Die verschiedenen Gerichte laden über den Tag hinweg zu Schauverhandlungen ein. „Es handelt sich ausnahmslos um echte Fälle“, betont Richter Norbert Holtmeyer vom Organisationsteam. So können die Besucher den Fall „Der feurige Liebhaber“ bei der Großen Strafkammer des Landgerichts erleben, beim Verwaltungsgericht den Fall „Ausweisung – Drogendealer und liebevoller Vater“ und beim Arbeitsgericht den Fall „Konzertbesuch während der Arbeitsunfähigkeit?“, um nur drei von zahlreichen Beispielen zu nennen.

Die Polizei informiert über die Sicherheit rund ums Haus und präsentiert ihren Überschlagsimulator.
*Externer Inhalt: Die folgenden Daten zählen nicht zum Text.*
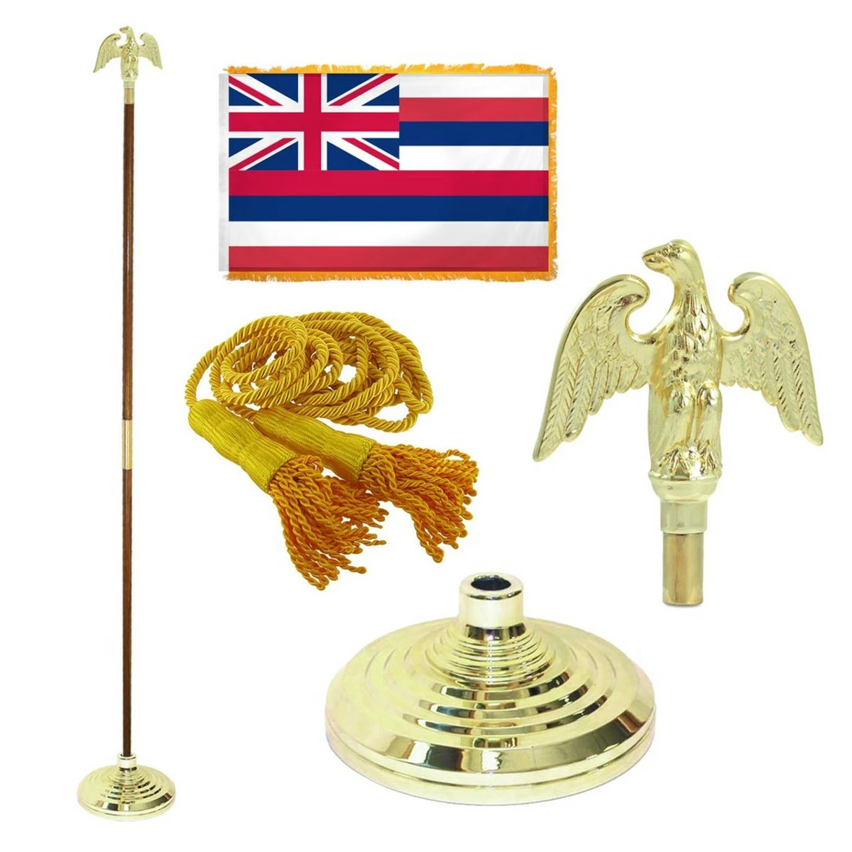 What is the specialty of a Hawaiian flag? It is the only U.S. state flag to have the Union flag of the United Kingdom which shows the historical influence of Britain. Along with this nylon 3 ft x 5 ft flag you can buy a flag base, and optional cord & tassel. You can also choose from a variety of pole toppers like 7-inch metal gold eagle, gold spear (plastic), gold metal spear, Army metal spear, gold metal parade ball, or Texas Star Metal.

In ihm können Besucher nachempfinden was es heißt, mit einem Auto auf dem Dach zu landen. Der Bund gegen Alkohol und Drogen am Steuer stellt einen Fahrsimulator zur Verfügung und die Staatsanwaltschaft Oldenburg öffnet nicht nur ihre Asservatenkammer, sie versteigert auch beschlagnahmte Gegenstände wie Spielekonsolen, Armbanduhren, Laptops und PC.

Wer das alte Gefängnis noch einmal von innen sehen möchte, hat Samstag Gelegenheit dazu. „Wir öffnen den Knast und Justizbedienstete, die dort jahrelang tätig waren, bieten Führungen an“, kündigt Pressesprecher Dr. Michael Henjes an. „Es dürfte eine seltene Gelegenheit sein, das Gefängnis noch einmal von innen sehen zu können“, sagt er. Zurzeit steht das denkmalgeschützte Gebäude leer und wird nicht mehr genutzt. „Niemand weiß zurzeit, ob es eine Nachnutzung geben wird“, erklärt Kircher und glaubt aufgrund der dort herrschenden Feuchtigkeit eher nicht daran. Auf jeden Fall bekommen die Besucher einen Eindruck vom Gefängnisalltag der einstigen Insassen.

Darüber hinaus gibt es auch ein Kinderprogramm. Sie können sich den Vortrag „Rechte der Kinder“ anhören, das Kasperletheater der Justiz besuchen, das sich mit dem Fall „Das gestohlene Geburtstagsgeschenk“ befasst und das Puppentheater der Polizei Oldenburg aufsuchen. Hier geht es um „Zebras Streifen“. Außerdem nimmt die Polizei Geschwindigkeitsmessungen auf einem Parcours vor. Hier geht es darum, wie schnell Kinder auf dem Kettcar unterwegs sind.

Infostände der Universitäten Oldenburg und Osnabrück, des Oldenburger Anwaltsvereins und der Oldenburger Rechtsanwalts- und Notarkammer runden das Programm ab. Der Eintritt ist frei. Das vollständige Programm gibt es unter www.tag-der-justiz.niedersachsen.de.